There are multiple potential explanations for the findings, and the lack of overall effect of paroxetine CR on the primary efficacy measure makes the post hoc analysis of the effect of depression and/or anxiety history more challenging. First, response of IBS to paroxetine CR may be independent of psychiatric history, and IBS patients with remitted depressive or anxiety disorders may be phenomenologically no different from IBS patients without such a history. Although it has been observed that IBS patients with comorbid current depression have more severe symptoms37,38 and may be more likely to seek treatment for IBS,11 data suggest IBS patients with depression in remission have no worse IBS symptoms than IBS patients without psychiatric history.37 On the other hand, a recent retrospective chart review by Sayuk and colleagues39 suggests that a history of depression and/or anxiety may actually predict poor treatment response, side effects, and premature discontinuation of antidepressants in “functional gastrointestinal disorders.” The issue of how depression and/or anxiety history affects treatment response to antidepressants in many disorders remains mysterious. Studies of antidepressant medications in fibromyalgia, another “affective spectrum disorder,”16 have failed to associate treatment response with a history of depression (references 40 and 41 and C.U.P., C.H., P.S.M., et al., manuscript submitted). Data on paroxetine treatment for PTSD show no association of treatment response with history of depression,42 whereas it has been shown that history of depression predicts treatment refractoriness to medications (which included antidepressants and benzodiazepines) in panic disorder.43,44
Second, it is possible that current (as opposed to past) depressive or anxiety disorders are associated with better or worse treatment response of IBS to paroxetine CR; we excluded patients who met criteria for current depressive and/or anxiety disorders on the MINI-Plus in order to avoid confounding the primary efficacy measure. However, it has been suggested that patients with mild to moderate anxiety should be included in clinical IBS studies to more accurately reflect the target patient polulation.8 Third, IBS appears to be a complex and heterogenous disease with contributions from biological and psychological mechanisms. In a study of the link between depression and IBS, current depression, “catastrophizing,” and control variables collectively accounted for only 21% of the variance in pain severity.38 It may be that a specific variable such as history of depression and/or anxiety accounts for a too small proportion of the variance in treatment outcome to be significant in a study of this type.
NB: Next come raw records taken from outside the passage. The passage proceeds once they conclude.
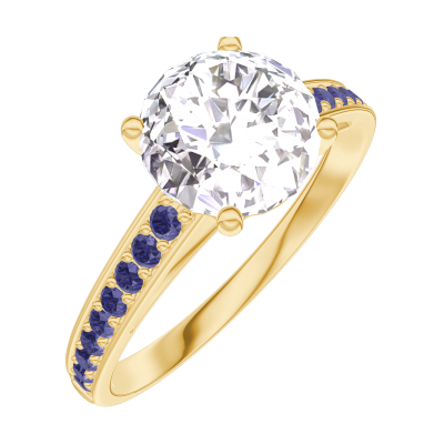 « L'ATELIER » Nº187213Bague Or jaune 18 carats - Diamant synthétique Rond 1 carat - Sertissage Saphir bleu 4.8 (11)
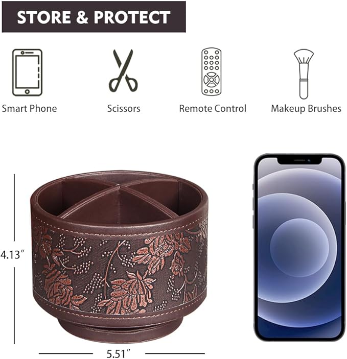 360° Rotating Pen Holder for Desk, Leather Pencil Pen Organizer Remote Control Holder Table Desktop Nightstand Organizer Caddy Storage, Office Desk Organizers And Accessories 5.5x5.5x4.0 Inch
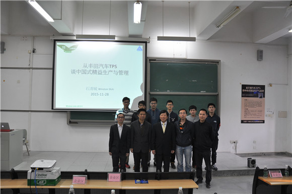 2015年11月28日,由太阳集团tyc151主办的《从丰田汽车TPS 谈中国式精益生产与管理》讲座在松山湖教学楼6E 207举行。曾任华泰汽车(副总裁)石清城老师担任主讲嘉宾。参加此次讲座的人员有三十多家企业高级管理人员和公司师生共三百余人。
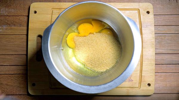 En el bol grande echaremos los 3 huevos y el azúcar y lo batiremos todo enérgicamente hasta que el azúcar se haya diluido por completo.
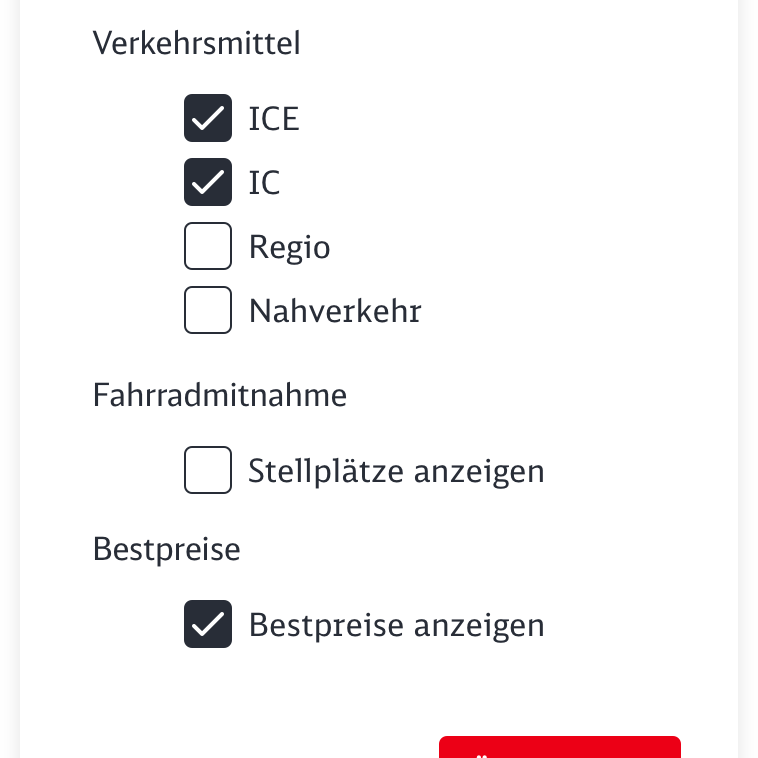 Checkboxen eignen sich optimal für die Filterung von Inhalten. Dabei können auch Einträge mit nur einer Option (siehe Fahrradmitnahme und Bestpreise) aufgeführt werden.
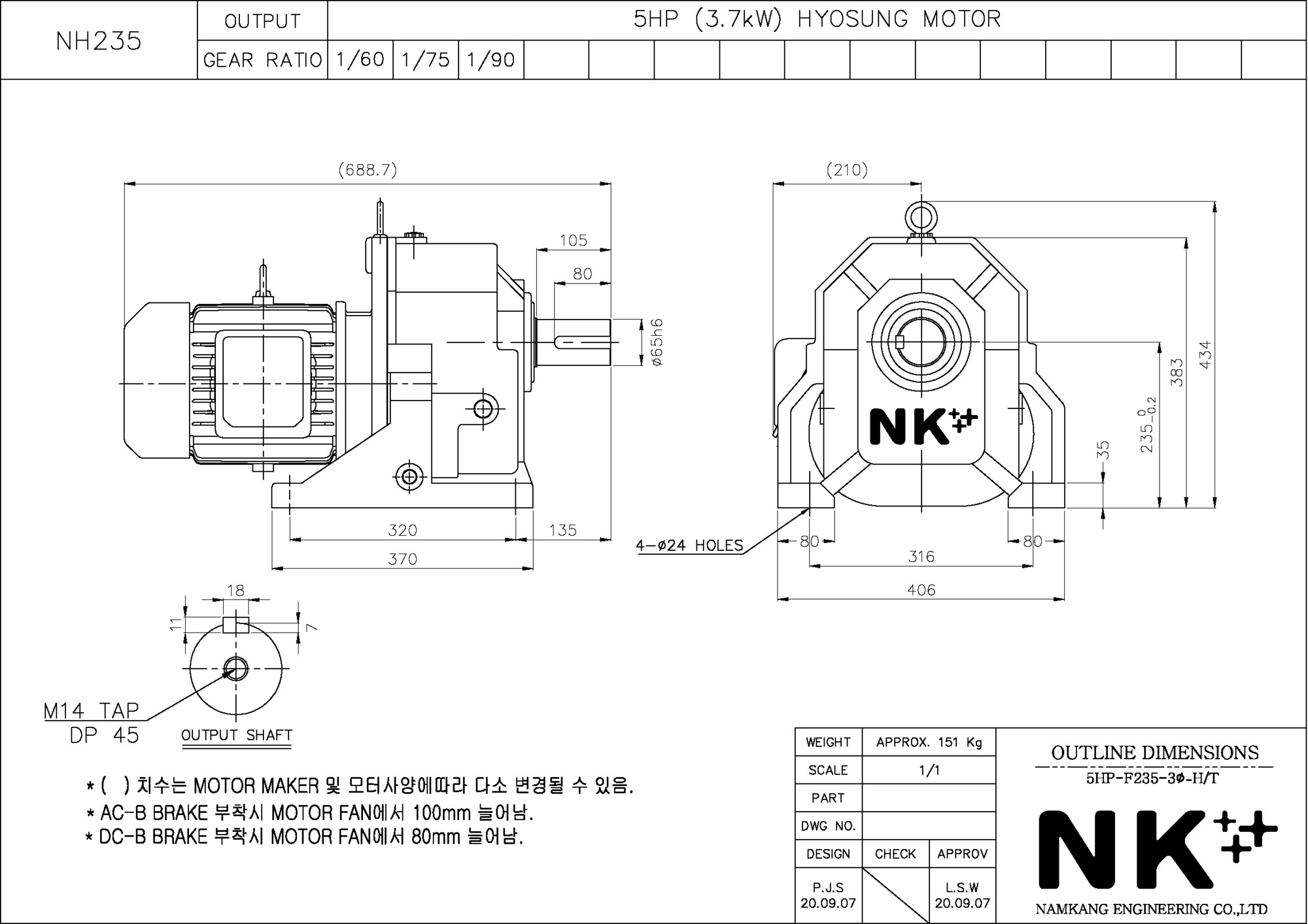 - NK PLUS MOTOR (남강 자사모터), 효성모터, 하이젠모터 적용
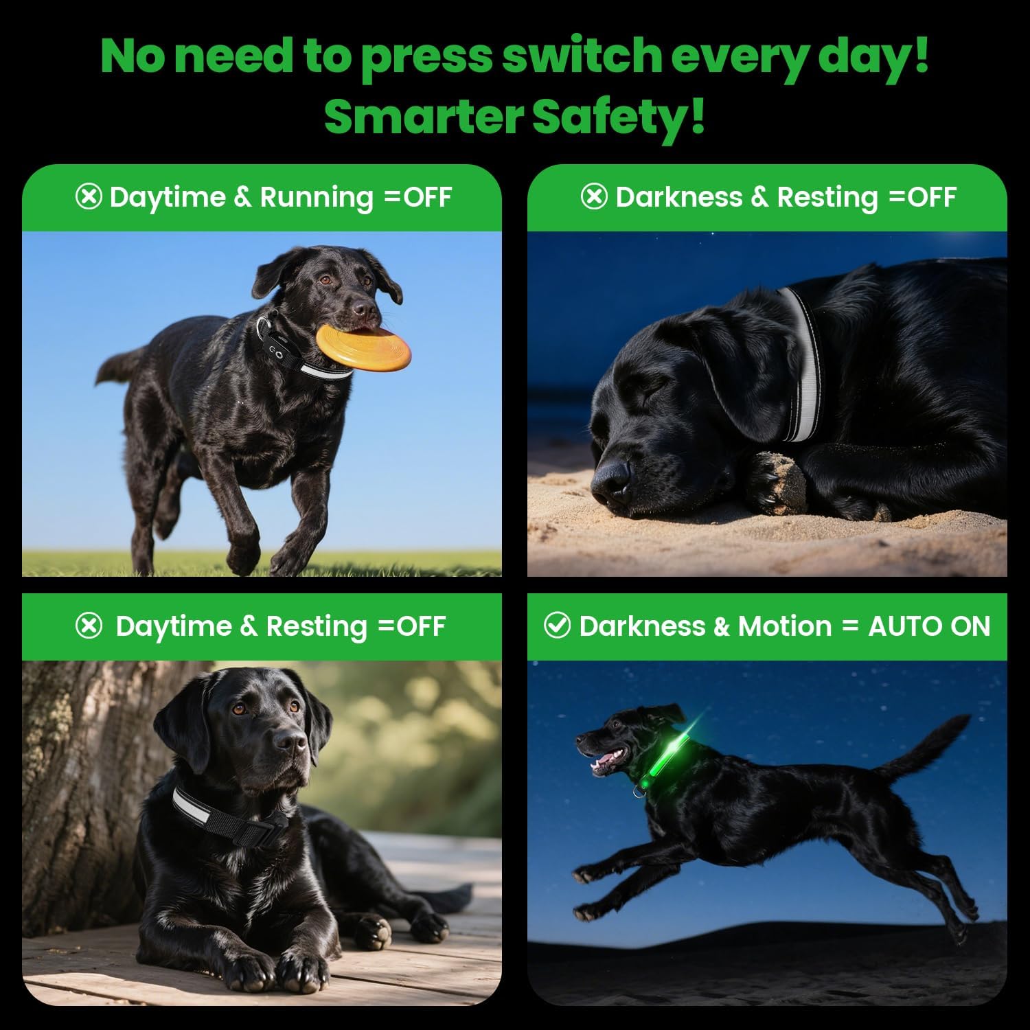 🤖 SMART AUTO-LIGHT TECHNOLOGY: Unlike ordinary dog collars, set ONCE and this dog light up collar activates automatically in darkness when motion is detected (evening walks/indoor play). No manual switch needed!

In this study, paroxetine CR was well tolerated and did not appear to affect patient retention. In contrast, the dropouts due to adverse events were high in a recent large placebo-controlled study of desipramine in IBS patients (desipramine group 57.5% vs. placebo 27.3%),45 indicating favorable tolerability of paroxetine CR over a tricyclic antidepressant.
The strengths of the present study were (1) administration of structured psychiatric interview; (2) use of Rome II criteria to define IBS; (3) exclusion of patients with current psychiatric illnesses, which yielded a “cleaner” subject sample; and (4) daily symptom rating using IVRS, which can reduce the placebo response rate.
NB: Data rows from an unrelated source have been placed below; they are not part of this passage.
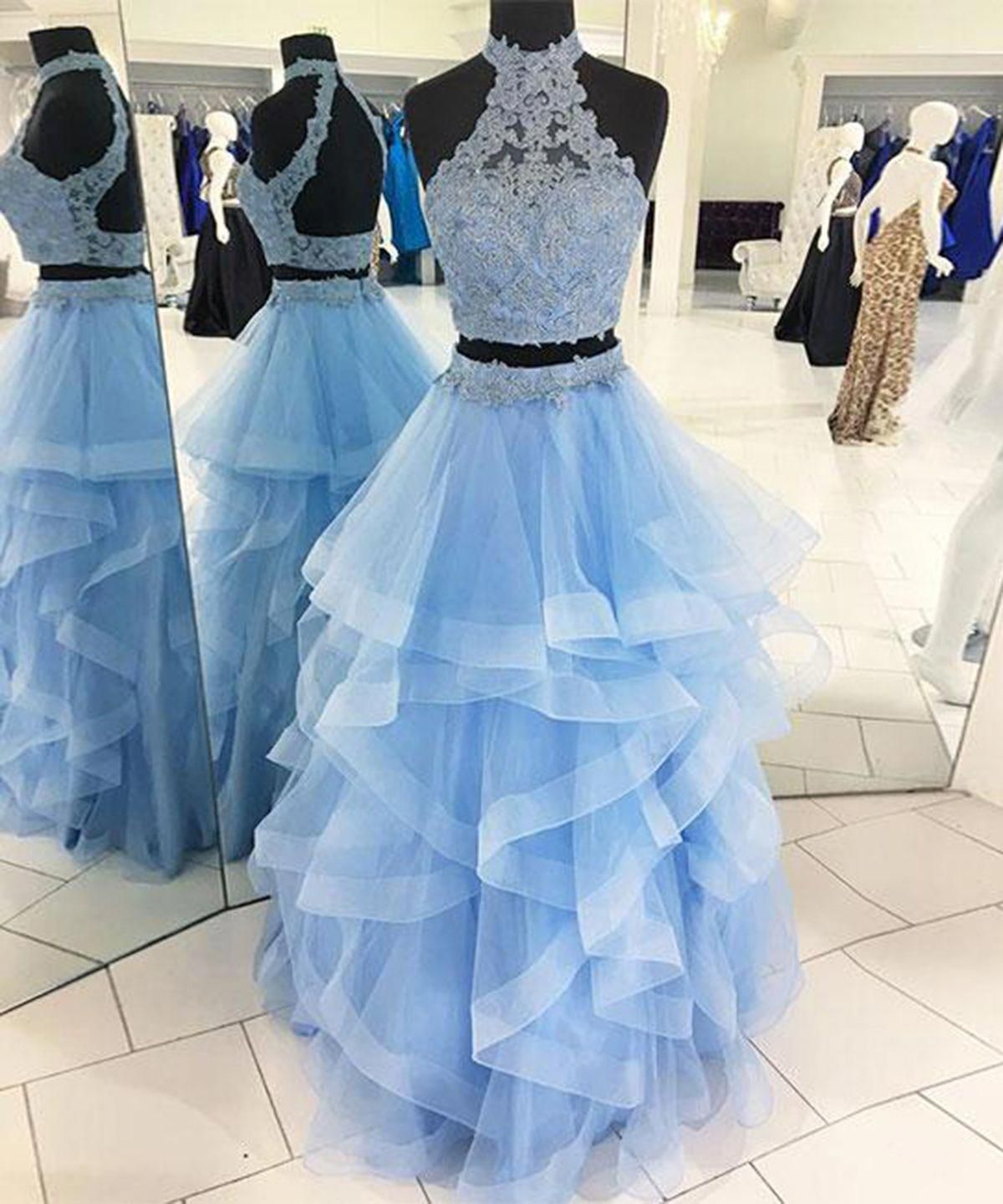 SSR494,blue two piece halter applique sleeveless ruffles tulle evening dresses
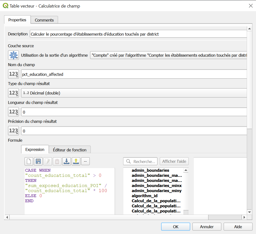 Configuration de l’opération : calculer le pourcentage d’établissements d’éducation touchés par district.#
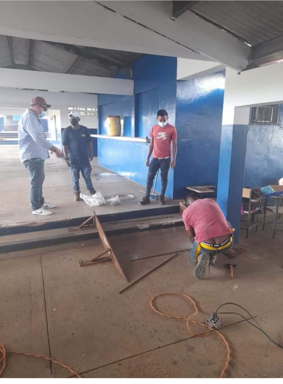 Panamá, 25 de febrero de 2021. Cuadrillas del Ministerio de Vivienda y Ordenamiento Territorial (Miviot) de Panamá Oeste realizan adecuaciones a las escuelas que fueron inspeccionadas y seleccionadas por una comisión interinstitucional, como centros de vacunación en el distrito de Arraiján.
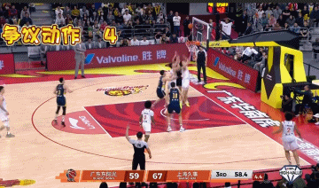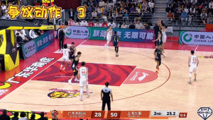 首节比赛打到4分钟左右,古德温持球推进遭到了广东小将陈家政的紧逼防守犯规。
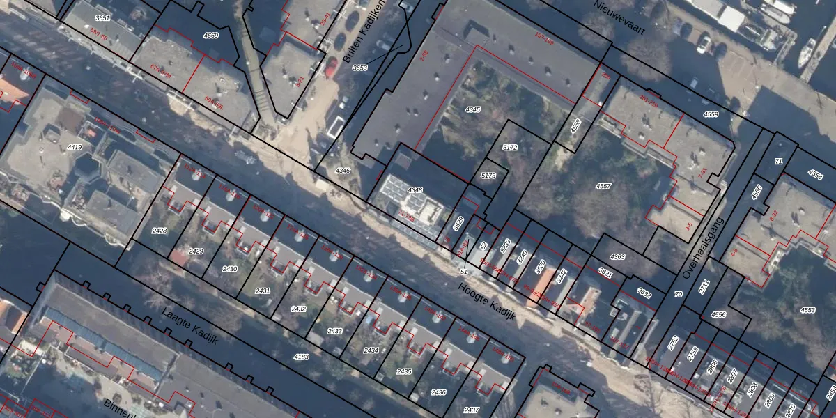Hoogte Kadijk 73-B is gelegen op kadastraal perceel ASD11O4348. Deze kadastrale aanduiding is uniek en wordt gebruikt door het Kadaster om eigendomsrechten en andere zakelijke rechten vast te leggen. Het perceel maakt onderdeel uit van de kadastrale gemeente Amsterdam.

The principal limitation of this study was the small sample size leading to inadequate power (10%) to detect differences between subjects with a history of depressive and/or anxiety disorders and those without such a history. Additional limitations of the study include recruitment of subjects through advertisement, which can lead to selection bias. As noted, it has been controversial whether treatment-seeking IBS patients differ in severity or comorbidity from those in the community who have not come to medical attention; it is not known to what extent subjects recruited through advertising mimic treatment-seekers versus population-based samples. Similar to the epidemiology of IBS in the population,46 our study subjects tended to be white women. The bias in our sample is similar to that in other studies. Although we attempted to minimize the effect of current depressive and anxiety symptoms by excluding MINI-positive volunteers and volunteers with high BDI scores, we cannot rule out that subsyndromal symptoms may have affected results. Of note, subjects with history of depressive and/or anxiety disorders had mildly higher baseline scores on the BDI and BAI, but this difference in means was not significant. Finally, the paroxetine CR dose titration and maximum dose were somewhat slow and low, respectively. This may have blunted efficacy in our study and reduced our ability to detect differences in treatment response between subjects with a history of depressive and/or anxiety disorders and subjects without such a history.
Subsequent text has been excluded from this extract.